▼

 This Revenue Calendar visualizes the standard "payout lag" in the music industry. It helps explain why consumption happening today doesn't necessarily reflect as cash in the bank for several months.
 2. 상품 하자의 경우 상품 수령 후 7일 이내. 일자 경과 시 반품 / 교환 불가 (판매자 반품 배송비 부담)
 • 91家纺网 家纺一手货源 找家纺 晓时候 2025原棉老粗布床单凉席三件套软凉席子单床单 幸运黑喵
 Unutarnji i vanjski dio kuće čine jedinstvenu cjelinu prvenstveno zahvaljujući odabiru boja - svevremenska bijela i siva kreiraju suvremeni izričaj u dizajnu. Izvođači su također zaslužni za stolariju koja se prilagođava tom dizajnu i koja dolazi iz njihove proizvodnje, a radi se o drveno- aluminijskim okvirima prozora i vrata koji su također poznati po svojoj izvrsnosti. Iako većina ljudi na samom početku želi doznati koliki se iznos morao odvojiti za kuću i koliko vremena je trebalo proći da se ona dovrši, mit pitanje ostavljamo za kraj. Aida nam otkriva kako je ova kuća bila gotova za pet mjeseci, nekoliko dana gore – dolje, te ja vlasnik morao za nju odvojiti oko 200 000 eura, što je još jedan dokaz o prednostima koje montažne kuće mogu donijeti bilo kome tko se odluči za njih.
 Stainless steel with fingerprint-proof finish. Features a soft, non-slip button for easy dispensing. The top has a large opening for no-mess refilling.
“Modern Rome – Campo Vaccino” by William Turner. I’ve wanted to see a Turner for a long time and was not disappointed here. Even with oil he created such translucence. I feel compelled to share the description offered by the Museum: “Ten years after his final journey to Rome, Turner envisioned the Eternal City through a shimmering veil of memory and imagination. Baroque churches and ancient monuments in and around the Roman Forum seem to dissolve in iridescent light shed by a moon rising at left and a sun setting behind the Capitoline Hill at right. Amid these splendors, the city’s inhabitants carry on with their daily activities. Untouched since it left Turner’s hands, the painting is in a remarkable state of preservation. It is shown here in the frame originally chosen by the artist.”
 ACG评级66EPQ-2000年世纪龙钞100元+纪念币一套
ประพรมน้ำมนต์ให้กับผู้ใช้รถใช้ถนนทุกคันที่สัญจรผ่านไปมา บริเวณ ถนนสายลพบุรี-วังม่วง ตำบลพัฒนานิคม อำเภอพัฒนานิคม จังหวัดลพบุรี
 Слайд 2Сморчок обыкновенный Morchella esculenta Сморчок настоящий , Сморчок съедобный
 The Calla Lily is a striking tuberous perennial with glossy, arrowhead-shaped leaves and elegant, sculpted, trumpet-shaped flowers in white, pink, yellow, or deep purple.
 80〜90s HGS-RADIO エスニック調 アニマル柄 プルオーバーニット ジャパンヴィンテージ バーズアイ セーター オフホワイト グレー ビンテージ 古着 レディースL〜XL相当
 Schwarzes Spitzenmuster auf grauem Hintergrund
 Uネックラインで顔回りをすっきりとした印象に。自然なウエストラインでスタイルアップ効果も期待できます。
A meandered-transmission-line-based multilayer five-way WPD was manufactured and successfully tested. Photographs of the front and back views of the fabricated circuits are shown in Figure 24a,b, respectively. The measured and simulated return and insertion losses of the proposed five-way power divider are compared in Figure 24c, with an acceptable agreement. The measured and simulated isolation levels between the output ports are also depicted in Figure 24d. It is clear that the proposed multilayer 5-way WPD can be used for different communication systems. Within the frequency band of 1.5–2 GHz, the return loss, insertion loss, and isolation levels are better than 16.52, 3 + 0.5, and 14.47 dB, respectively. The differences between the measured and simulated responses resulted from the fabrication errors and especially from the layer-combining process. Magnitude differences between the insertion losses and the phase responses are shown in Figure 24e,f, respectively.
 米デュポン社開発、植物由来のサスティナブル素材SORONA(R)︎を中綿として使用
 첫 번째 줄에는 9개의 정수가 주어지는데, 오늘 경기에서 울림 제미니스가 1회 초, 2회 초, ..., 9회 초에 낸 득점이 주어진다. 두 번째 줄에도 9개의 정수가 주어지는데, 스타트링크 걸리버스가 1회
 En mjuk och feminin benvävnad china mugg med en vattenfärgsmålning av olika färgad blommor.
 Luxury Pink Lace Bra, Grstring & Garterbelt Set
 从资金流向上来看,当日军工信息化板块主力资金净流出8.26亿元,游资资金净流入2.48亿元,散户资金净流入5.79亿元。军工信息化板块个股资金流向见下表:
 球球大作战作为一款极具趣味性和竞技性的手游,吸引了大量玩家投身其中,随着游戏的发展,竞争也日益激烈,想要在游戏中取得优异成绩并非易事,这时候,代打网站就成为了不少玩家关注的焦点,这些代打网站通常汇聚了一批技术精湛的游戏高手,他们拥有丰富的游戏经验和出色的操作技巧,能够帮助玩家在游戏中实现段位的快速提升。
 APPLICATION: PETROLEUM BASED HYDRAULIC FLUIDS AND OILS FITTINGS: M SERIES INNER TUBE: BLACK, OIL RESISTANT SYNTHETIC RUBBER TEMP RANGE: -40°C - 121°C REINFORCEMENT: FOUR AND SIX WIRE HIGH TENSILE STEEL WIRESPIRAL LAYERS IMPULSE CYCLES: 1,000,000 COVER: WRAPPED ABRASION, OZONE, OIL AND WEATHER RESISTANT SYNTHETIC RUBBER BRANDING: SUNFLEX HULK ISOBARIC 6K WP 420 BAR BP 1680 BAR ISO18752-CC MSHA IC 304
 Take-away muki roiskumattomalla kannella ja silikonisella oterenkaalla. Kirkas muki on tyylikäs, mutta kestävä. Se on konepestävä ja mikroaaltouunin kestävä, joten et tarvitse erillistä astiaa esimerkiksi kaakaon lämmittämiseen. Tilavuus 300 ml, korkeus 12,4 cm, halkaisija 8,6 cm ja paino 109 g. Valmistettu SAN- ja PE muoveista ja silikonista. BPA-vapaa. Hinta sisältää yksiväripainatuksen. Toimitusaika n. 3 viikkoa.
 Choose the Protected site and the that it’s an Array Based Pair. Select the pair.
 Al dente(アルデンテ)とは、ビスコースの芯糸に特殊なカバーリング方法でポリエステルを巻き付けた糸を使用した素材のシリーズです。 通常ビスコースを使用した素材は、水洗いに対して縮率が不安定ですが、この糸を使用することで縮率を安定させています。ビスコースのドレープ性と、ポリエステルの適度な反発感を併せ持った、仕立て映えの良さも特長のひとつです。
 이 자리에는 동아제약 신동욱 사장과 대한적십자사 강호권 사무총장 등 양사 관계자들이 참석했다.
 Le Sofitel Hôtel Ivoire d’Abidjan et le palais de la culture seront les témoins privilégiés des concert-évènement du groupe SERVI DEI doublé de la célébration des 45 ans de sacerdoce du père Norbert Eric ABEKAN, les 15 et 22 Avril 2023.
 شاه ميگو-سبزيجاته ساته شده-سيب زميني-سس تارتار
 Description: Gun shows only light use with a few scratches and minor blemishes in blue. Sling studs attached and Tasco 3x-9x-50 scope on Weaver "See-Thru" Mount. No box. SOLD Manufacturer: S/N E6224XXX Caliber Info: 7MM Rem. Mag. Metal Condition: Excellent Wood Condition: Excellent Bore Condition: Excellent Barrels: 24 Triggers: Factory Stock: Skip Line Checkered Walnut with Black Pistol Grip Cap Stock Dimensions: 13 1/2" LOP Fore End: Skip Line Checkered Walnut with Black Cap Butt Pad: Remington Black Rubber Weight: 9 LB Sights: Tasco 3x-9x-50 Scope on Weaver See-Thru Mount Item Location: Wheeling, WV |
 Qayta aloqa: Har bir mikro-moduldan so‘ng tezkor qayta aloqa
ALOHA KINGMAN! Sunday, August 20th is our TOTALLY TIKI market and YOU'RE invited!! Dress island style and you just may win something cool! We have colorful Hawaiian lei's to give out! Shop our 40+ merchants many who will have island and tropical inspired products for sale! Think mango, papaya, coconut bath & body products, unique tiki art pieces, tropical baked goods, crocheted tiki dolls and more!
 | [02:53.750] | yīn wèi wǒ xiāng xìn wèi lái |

▲

PROBLEM REQUIREMENTS: Only the lines from the one that holds "Qayta aloqa: Har" through the end of the records should appear in the answer, each restated exactly.

FINISHED TASK:
 Qayta aloqa: Har bir mikro-moduldan so‘ng tezkor qayta aloqa
ALOHA KINGMAN! Sunday, August 20th is our TOTALLY TIKI market and YOU'RE invited!! Dress island style and you just may win something cool! We have colorful Hawaiian lei's to give out! Shop our 40+ merchants many who will have island and tropical inspired products for sale! Think mango, papaya, coconut bath & body products, unique tiki art pieces, tropical baked goods, crocheted tiki dolls and more!
 | [02:53.750] | yīn wèi wǒ xiāng xìn wèi lái |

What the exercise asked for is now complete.